* Brief *
Omit all pictures, then repeat the listing exactly.

* Source material *

- - - - - - -

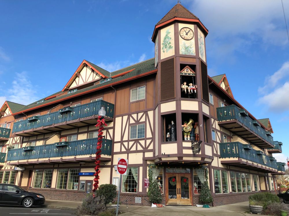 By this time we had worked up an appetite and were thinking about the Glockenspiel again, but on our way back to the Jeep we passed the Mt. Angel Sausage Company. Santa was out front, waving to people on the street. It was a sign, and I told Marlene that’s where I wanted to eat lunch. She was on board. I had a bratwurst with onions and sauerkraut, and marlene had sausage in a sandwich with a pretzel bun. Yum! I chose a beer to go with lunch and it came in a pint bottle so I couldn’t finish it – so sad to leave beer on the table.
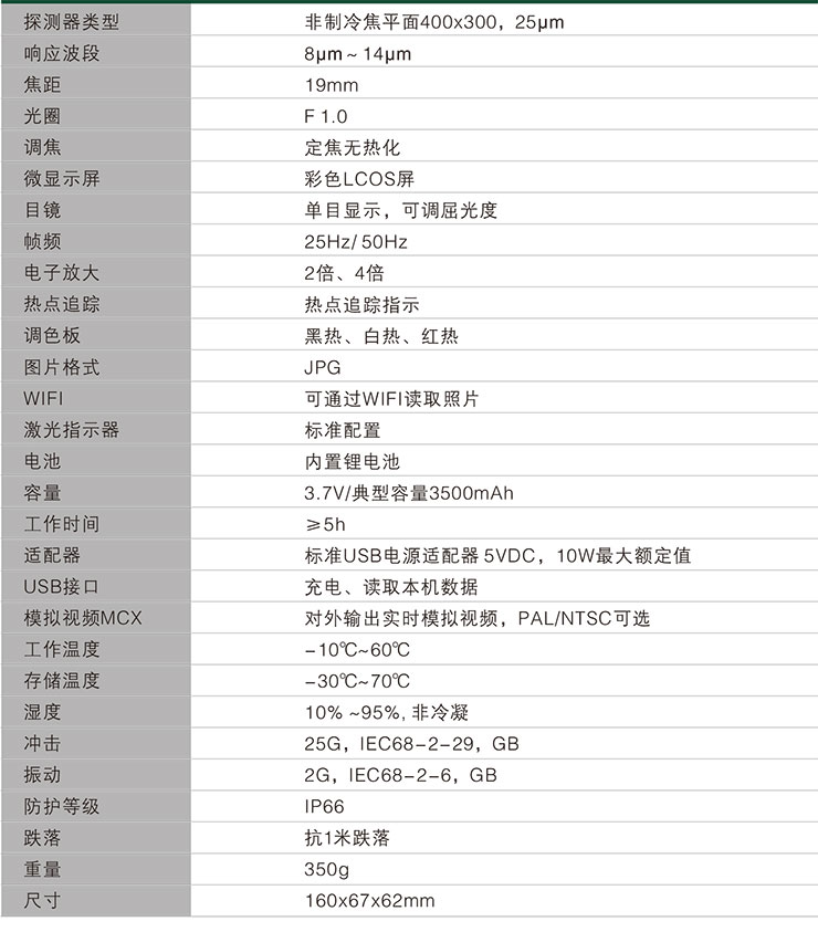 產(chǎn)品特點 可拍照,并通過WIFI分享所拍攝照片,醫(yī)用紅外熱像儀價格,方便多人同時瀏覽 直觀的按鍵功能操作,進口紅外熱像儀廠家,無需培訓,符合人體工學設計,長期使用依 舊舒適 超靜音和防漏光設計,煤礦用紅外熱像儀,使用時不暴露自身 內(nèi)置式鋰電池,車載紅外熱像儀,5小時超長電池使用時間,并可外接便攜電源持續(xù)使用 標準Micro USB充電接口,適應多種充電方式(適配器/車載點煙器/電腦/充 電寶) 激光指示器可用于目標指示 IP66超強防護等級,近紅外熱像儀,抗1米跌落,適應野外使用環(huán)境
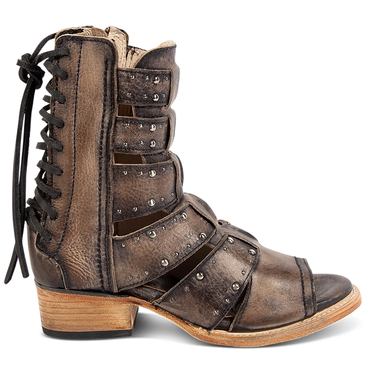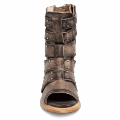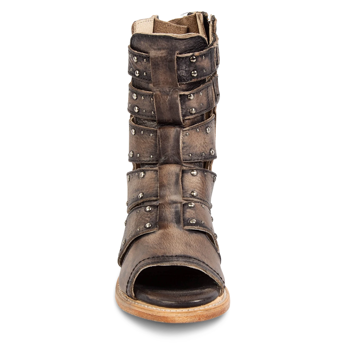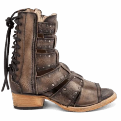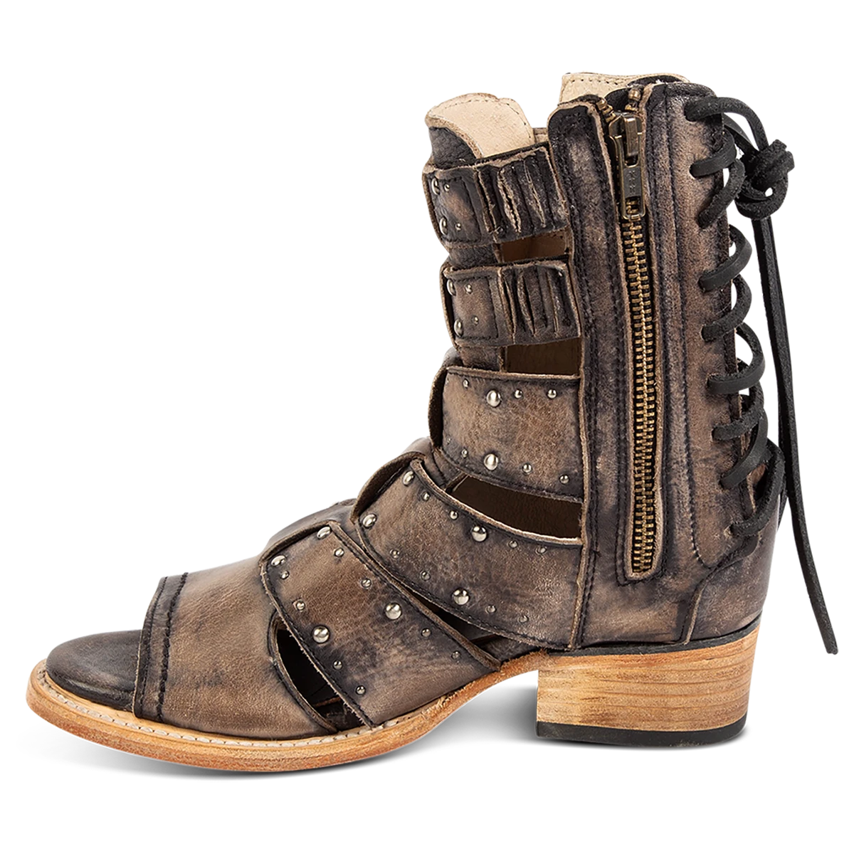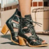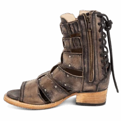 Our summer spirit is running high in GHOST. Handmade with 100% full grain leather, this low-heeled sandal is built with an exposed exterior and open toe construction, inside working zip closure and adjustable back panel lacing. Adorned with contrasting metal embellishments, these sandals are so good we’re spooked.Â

- - - - - - -

* Response *
 By this time we had worked up an appetite and were thinking about the Glockenspiel again, but on our way back to the Jeep we passed the Mt. Angel Sausage Company. Santa was out front, waving to people on the street. It was a sign, and I told Marlene that’s where I wanted to eat lunch. She was on board. I had a bratwurst with onions and sauerkraut, and marlene had sausage in a sandwich with a pretzel bun. Yum! I chose a beer to go with lunch and it came in a pint bottle so I couldn’t finish it – so sad to leave beer on the table.
 產(chǎn)品特點 可拍照,并通過WIFI分享所拍攝照片,醫(yī)用紅外熱像儀價格,方便多人同時瀏覽 直觀的按鍵功能操作,進口紅外熱像儀廠家,無需培訓,符合人體工學設計,長期使用依 舊舒適 超靜音和防漏光設計,煤礦用紅外熱像儀,使用時不暴露自身 內(nèi)置式鋰電池,車載紅外熱像儀,5小時超長電池使用時間,并可外接便攜電源持續(xù)使用 標準Micro USB充電接口,適應多種充電方式(適配器/車載點煙器/電腦/充 電寶) 激光指示器可用于目標指示 IP66超強防護等級,近紅外熱像儀,抗1米跌落,適應野外使用環(huán)境
 Our summer spirit is running high in GHOST. Handmade with 100% full grain leather, this low-heeled sandal is built with an exposed exterior and open toe construction, inside working zip closure and adjustable back panel lacing. Adorned with contrasting metal embellishments, these sandals are so good we’re spooked.Â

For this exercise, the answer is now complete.